Dataset entries:
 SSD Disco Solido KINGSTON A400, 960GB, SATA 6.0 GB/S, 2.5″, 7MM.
* * *
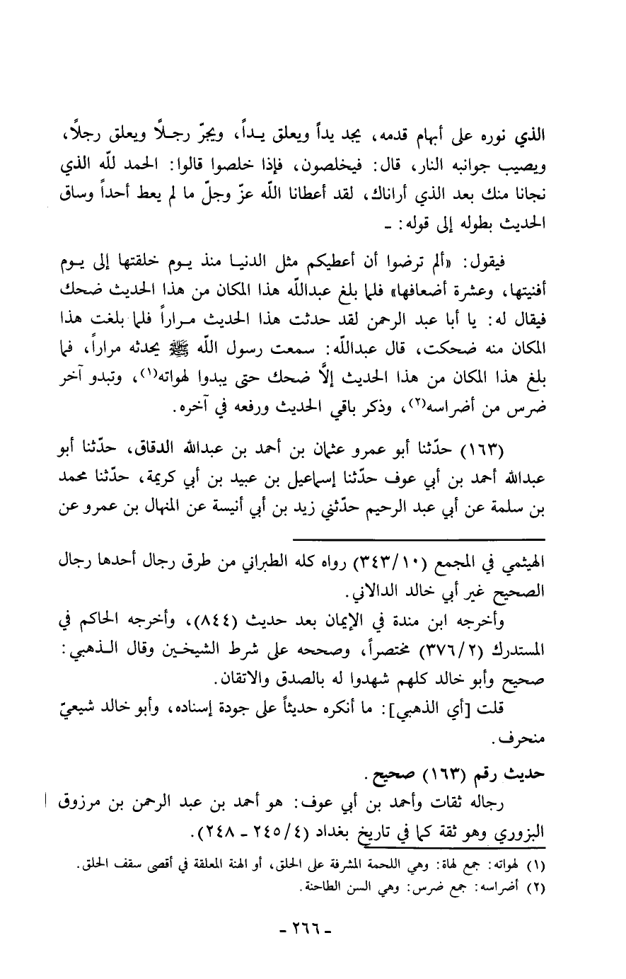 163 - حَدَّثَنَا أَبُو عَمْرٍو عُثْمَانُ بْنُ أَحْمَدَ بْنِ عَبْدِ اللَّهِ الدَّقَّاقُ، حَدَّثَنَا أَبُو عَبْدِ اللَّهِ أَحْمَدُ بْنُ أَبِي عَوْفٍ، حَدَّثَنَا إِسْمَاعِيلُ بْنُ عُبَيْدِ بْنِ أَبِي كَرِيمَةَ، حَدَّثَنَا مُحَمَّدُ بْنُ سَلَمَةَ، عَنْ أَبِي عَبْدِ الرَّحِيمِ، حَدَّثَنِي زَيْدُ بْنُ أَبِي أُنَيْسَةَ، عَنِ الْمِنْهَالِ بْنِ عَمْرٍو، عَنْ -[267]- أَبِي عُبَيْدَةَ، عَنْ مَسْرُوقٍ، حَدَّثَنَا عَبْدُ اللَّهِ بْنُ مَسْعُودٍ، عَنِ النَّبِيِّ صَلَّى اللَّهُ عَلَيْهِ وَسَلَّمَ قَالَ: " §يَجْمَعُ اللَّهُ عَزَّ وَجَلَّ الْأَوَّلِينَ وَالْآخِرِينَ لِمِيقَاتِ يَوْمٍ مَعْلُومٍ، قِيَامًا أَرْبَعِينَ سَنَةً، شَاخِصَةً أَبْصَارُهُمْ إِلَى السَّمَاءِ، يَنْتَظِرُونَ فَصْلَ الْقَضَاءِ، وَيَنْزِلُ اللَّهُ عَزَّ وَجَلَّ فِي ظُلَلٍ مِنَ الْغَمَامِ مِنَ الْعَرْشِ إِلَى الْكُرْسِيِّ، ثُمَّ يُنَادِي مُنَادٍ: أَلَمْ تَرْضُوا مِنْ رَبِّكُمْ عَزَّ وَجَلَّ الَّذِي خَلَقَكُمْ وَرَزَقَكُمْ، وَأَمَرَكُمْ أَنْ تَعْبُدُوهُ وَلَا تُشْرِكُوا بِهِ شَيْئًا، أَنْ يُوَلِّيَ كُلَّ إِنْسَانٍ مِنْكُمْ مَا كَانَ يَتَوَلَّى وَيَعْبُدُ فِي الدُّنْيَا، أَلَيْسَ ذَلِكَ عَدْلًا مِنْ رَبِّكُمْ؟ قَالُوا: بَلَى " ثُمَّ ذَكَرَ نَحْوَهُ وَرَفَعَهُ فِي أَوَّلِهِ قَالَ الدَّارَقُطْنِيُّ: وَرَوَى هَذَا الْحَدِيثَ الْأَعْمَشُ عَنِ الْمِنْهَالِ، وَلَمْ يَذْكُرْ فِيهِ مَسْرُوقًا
---
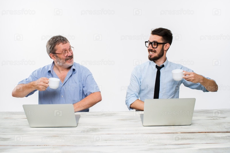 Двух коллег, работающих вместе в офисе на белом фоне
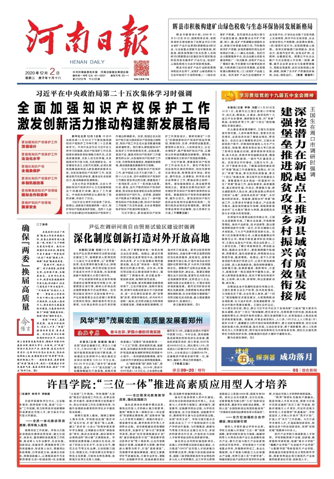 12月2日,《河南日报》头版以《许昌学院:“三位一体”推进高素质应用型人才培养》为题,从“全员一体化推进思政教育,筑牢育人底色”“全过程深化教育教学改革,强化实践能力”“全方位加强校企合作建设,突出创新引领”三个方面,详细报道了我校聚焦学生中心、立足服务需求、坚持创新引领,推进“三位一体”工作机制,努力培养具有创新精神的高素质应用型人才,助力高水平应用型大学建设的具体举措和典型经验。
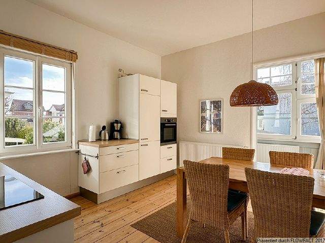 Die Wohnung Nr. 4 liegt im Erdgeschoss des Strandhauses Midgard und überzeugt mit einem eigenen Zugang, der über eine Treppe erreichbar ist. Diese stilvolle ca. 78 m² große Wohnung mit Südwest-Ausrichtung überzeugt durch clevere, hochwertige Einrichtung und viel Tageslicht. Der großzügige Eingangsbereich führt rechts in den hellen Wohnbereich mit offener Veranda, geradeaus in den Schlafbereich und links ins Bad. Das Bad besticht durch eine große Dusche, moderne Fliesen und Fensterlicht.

How to complete this task: Reproduce the lines above beginning at the line that contains "Двух коллег, работающих" and ending at the line that contains "12月2日,《河南日报》头版". No pictures.

Solution below:
 Двух коллег, работающих вместе в офисе на белом фоне
 12月2日,《河南日报》头版以《许昌学院:“三位一体”推进高素质应用型人才培养》为题,从“全员一体化推进思政教育,筑牢育人底色”“全过程深化教育教学改革,强化实践能力”“全方位加强校企合作建设,突出创新引领”三个方面,详细报道了我校聚焦学生中心、立足服务需求、坚持创新引领,推进“三位一体”工作机制,努力培养具有创新精神的高素质应用型人才,助力高水平应用型大学建设的具体举措和典型经验。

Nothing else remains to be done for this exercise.